→ What this task involves:
The output must consist only of the lines from the one with "12月10日,四川省教科文卫" through the end of the listing, restated exactly and free of pictures.

→ Data to use:
_ _ _ _ _ _ _

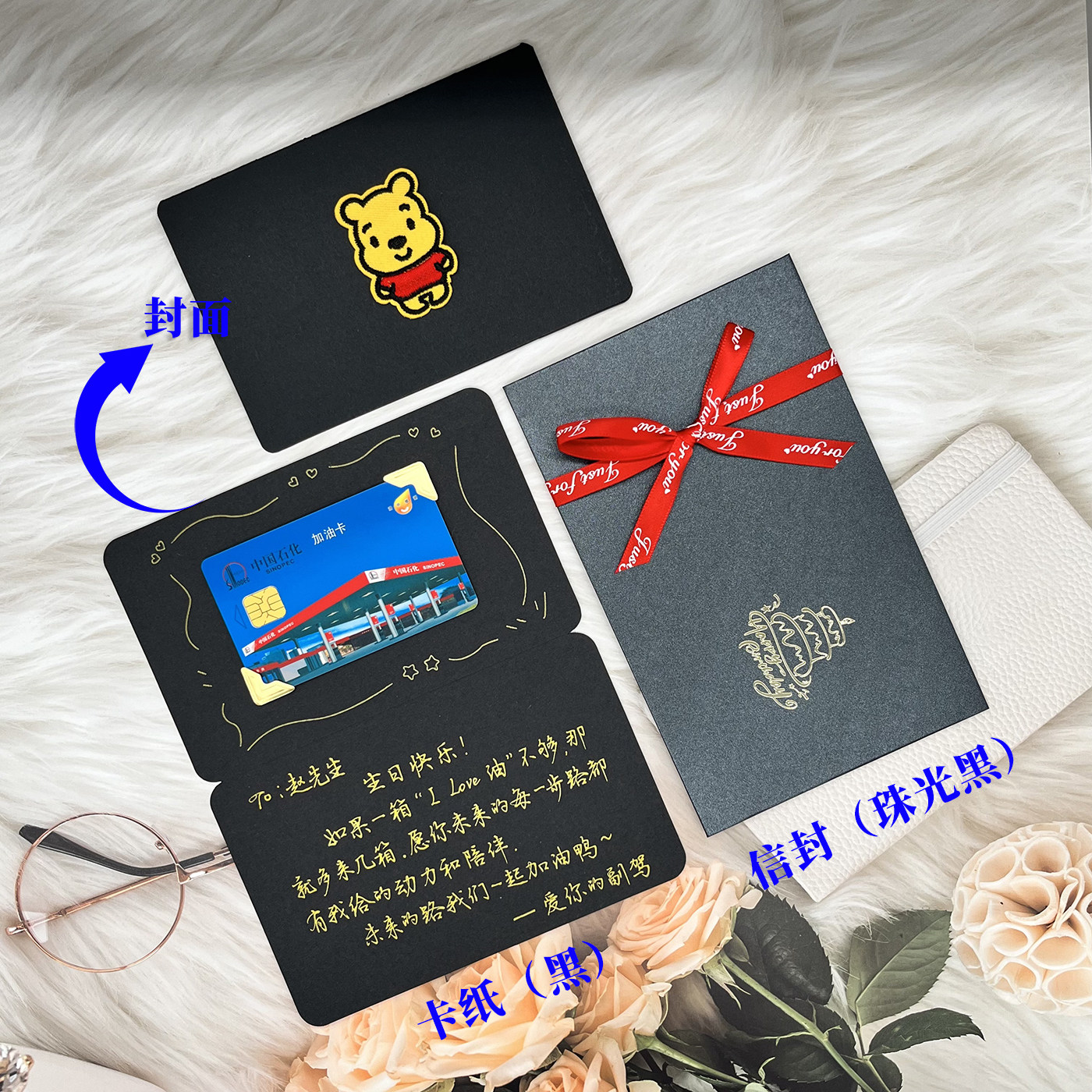加油卡贺卡定制信封包装 代手写送男友中国石化生日贺卡高级感老公
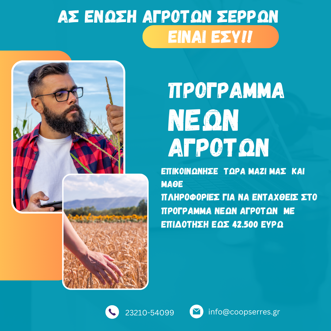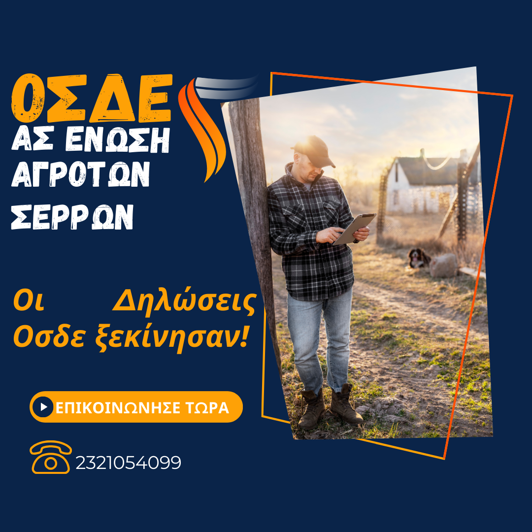 ΑΓΡΟΤΙΚΟΣ ΣΥΝΕΤΑΙΡΙΣΜΟΣ ΣΕΡΡΩΝ,ΣΥΝΕΤΑΙΡΙΣΜΟΙ ΣΤΙΣ ΣΕΡΡΕΣ,ΑΓΡΟΤΙΚΑ ΠΡΟΪΟΝΤΑ ΣΤΙΣ ΣΕΡΡΕΣ,ΑΓΡΟΤΙΚΟΣ ΣΥΝΕΤΑΙΡΙΣΜΟΣ ΣΕΡΡΩΝ,ΕΡΓΟΣΤΑΣΙΑ ΖΩΟΤΡΟΦΩΝ ΣΤΙΣ ΣΕΡΡΕΣ,ΕΡΓΟΣΤΑΣΙΑ ΡΥΖΙΟΥ ΣΤΙΣ ΣΕΡΡΕΣ, ΟΣΔΕ, ΣΕΡΡΕΣ, ΔΗΛΩΣΕΙΣ ΚΑΛΛΙΕΡΓΕΙΑΣ, ΟΠΕΚΕΠΕ ΣΕΡΡΩΝ, ΕΚΚΟΚΙΣΤΗΡΙΟ ΒΑΜΒΑΚΟΣ ΣΕΡΡΕΣ,ΡΥΖΙ ΣΕΡΡΩΝ , ΜΕΤΑΒΙΒΑΣΕΙΣ ΔΙΚΑΙΩΜΑΤΩΝ,Φ.Π.Α,ΛΟΓΙΣΤΙΚΑ ΘΕΜΑΤΑ,ΠΡΟΓΡΑΜΜΑΤΑ ΑΓΡΟΤΩΝ, ΣΕΡΡΕΣ,ΔΗΛΩΣΕΙΣ ΟΣΔΕ2024, ΟΣΔΕ,
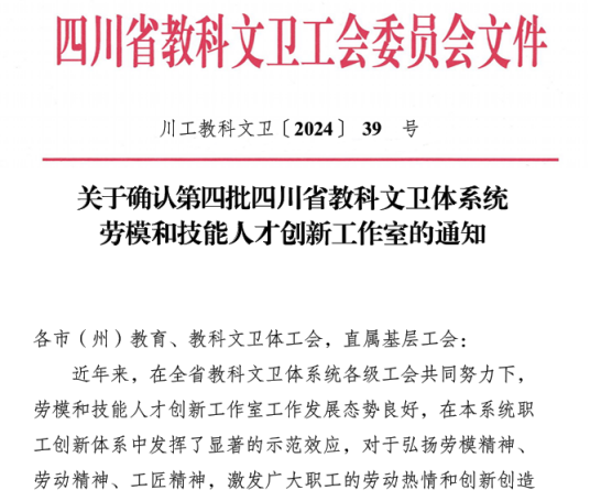 12月10日,四川省教科文卫工会发布《关于确认第四批四川省教科文卫体系统劳模和技能人才创新工作室的通知》,我校舒国成博士团队名列其中。据悉,此批全省共30个创新工作室获评 “第四批四川省教科文卫体系统劳模和技能人才创新工作室”。
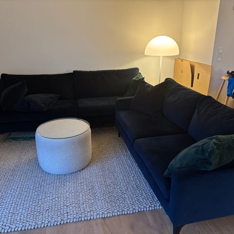Fin og velholdt sofa i modellen Astha 3 seater. Messing ben og mørkegrå velour betræk. "Slank" model., som også er udmærket at sove på. Fra hjem uden røg og dyr. Nypris 7999 kr.
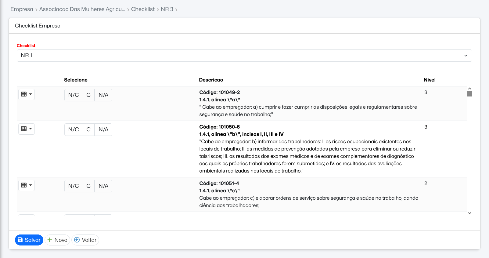 Formulario de checklist empresa não carrega
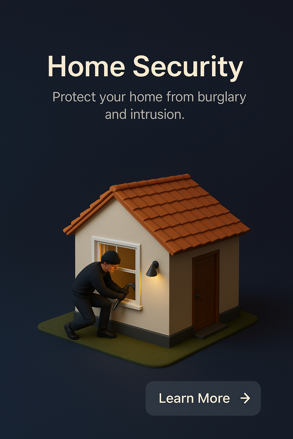 A realistic 3D scene depicting an intruder attempting to break into a house. The background features a smooth dark gradient, enhancing the focus on the security theme.
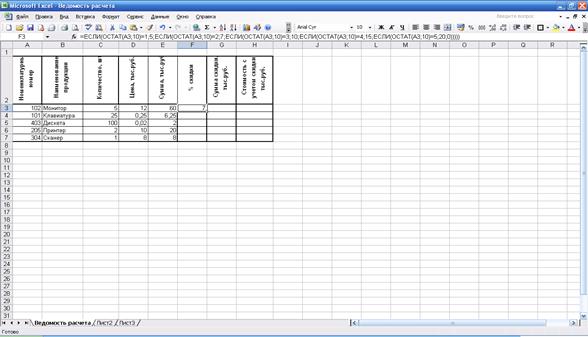 Вводим в ячейку F3 формулу: =ЕСЛИ(ОСТАТ(A3;10)=1;5;ЕСЛИ(ОСТАТ(A3;10)=2;7;ЕСЛИ(ОСТАТ(A3;10)=3;10;ЕСЛИ(ОСТАТ(A3;10)=4;15;ЕСЛИ(ОСТАТ(A3;10)=5;20;0)))))
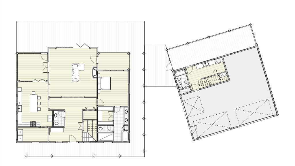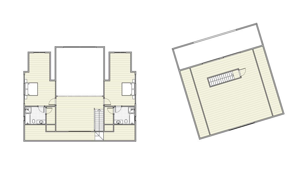 Coming up the stairs, you get to a catwalk overlooking the Great Space on the main level. That Catwalk wraps around the Great Room Below. It features the Bedrooms on one end and the Studio with the Upper Deck on the other end.
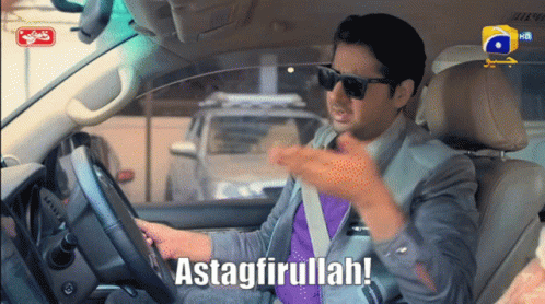 Imran Ashraf as Billu Chaudhry in 'Chaudhry And Sons' reacts with 'Astaghfirullah' while driving.
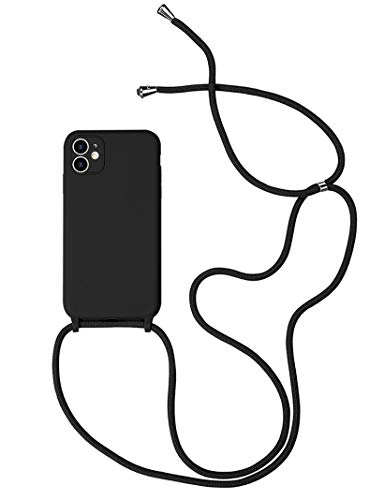 Emlivi Coque pour iPhone 11 avec Cordon, Etui de iPhone 11 Silicone Houss de Collier Réglable Longueur Chaîne Shock-Absorption Souple TPU Bumper Coque pour iPhone 11 Case - Noir
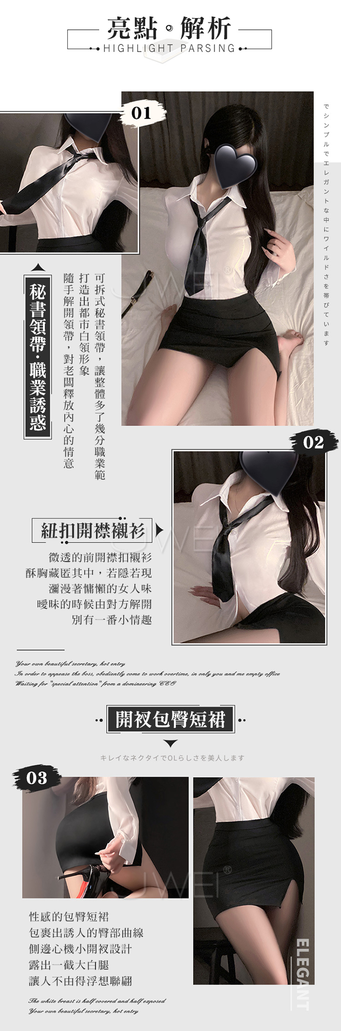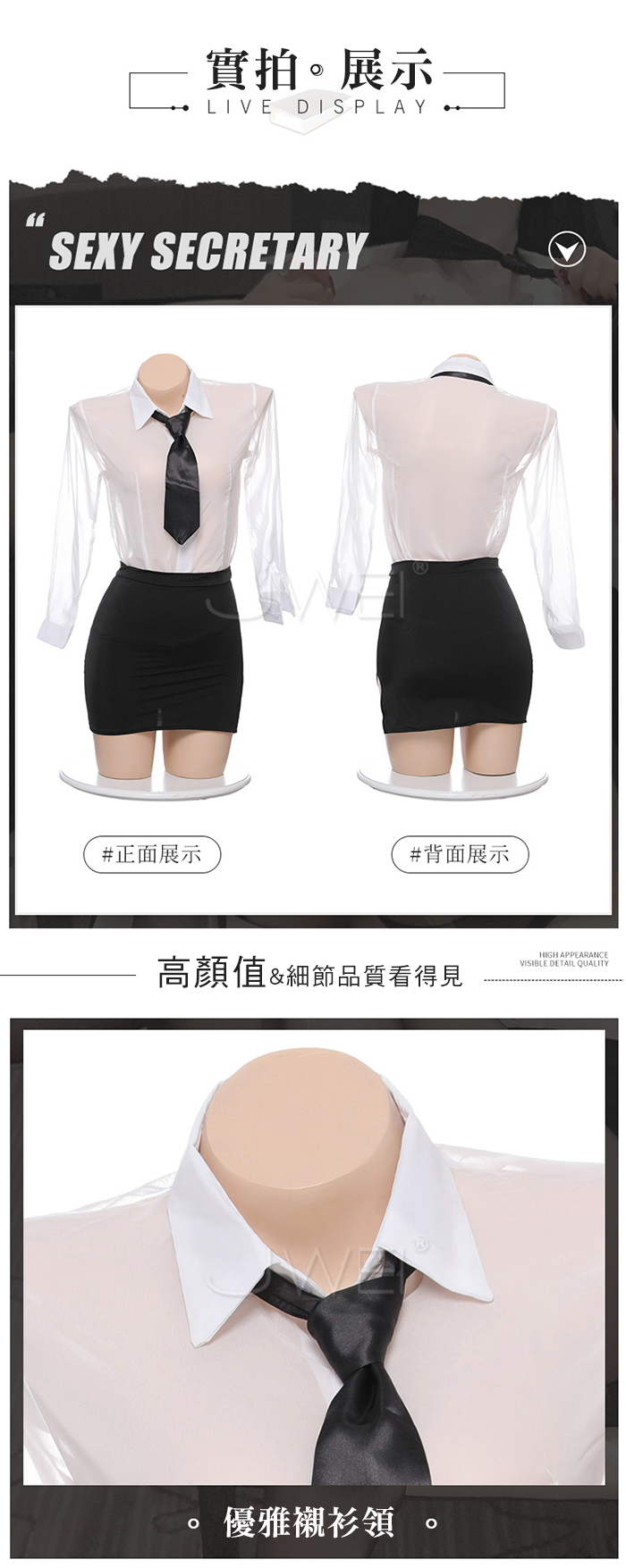 ►您現在的位置:首頁>風情秘書.透視開襟男友風襯衫開衩包臀短裙誘惑秘書套裝【襯衫+領帶+包臀裙+內褲】

_ _ _ _ _ _ _

→ Written solution:
 12月10日,四川省教科文卫工会发布《关于确认第四批四川省教科文卫体系统劳模和技能人才创新工作室的通知》,我校舒国成博士团队名列其中。据悉,此批全省共30个创新工作室获评 “第四批四川省教科文卫体系统劳模和技能人才创新工作室”。
Fin og velholdt sofa i modellen Astha 3 seater. Messing ben og mørkegrå velour betræk. "Slank" model., som også er udmærket at sove på. Fra hjem uden røg og dyr. Nypris 7999 kr.
 Formulario de checklist empresa não carrega
 A realistic 3D scene depicting an intruder attempting to break into a house. The background features a smooth dark gradient, enhancing the focus on the security theme.
 Вводим в ячейку F3 формулу: =ЕСЛИ(ОСТАТ(A3;10)=1;5;ЕСЛИ(ОСТАТ(A3;10)=2;7;ЕСЛИ(ОСТАТ(A3;10)=3;10;ЕСЛИ(ОСТАТ(A3;10)=4;15;ЕСЛИ(ОСТАТ(A3;10)=5;20;0)))))
 Coming up the stairs, you get to a catwalk overlooking the Great Space on the main level. That Catwalk wraps around the Great Room Below. It features the Bedrooms on one end and the Studio with the Upper Deck on the other end.
 Imran Ashraf as Billu Chaudhry in 'Chaudhry And Sons' reacts with 'Astaghfirullah' while driving.
 Emlivi Coque pour iPhone 11 avec Cordon, Etui de iPhone 11 Silicone Houss de Collier Réglable Longueur Chaîne Shock-Absorption Souple TPU Bumper Coque pour iPhone 11 Case - Noir
 ►您現在的位置:首頁>風情秘書.透視開襟男友風襯衫開衩包臀短裙誘惑秘書套裝【襯衫+領帶+包臀裙+內褲】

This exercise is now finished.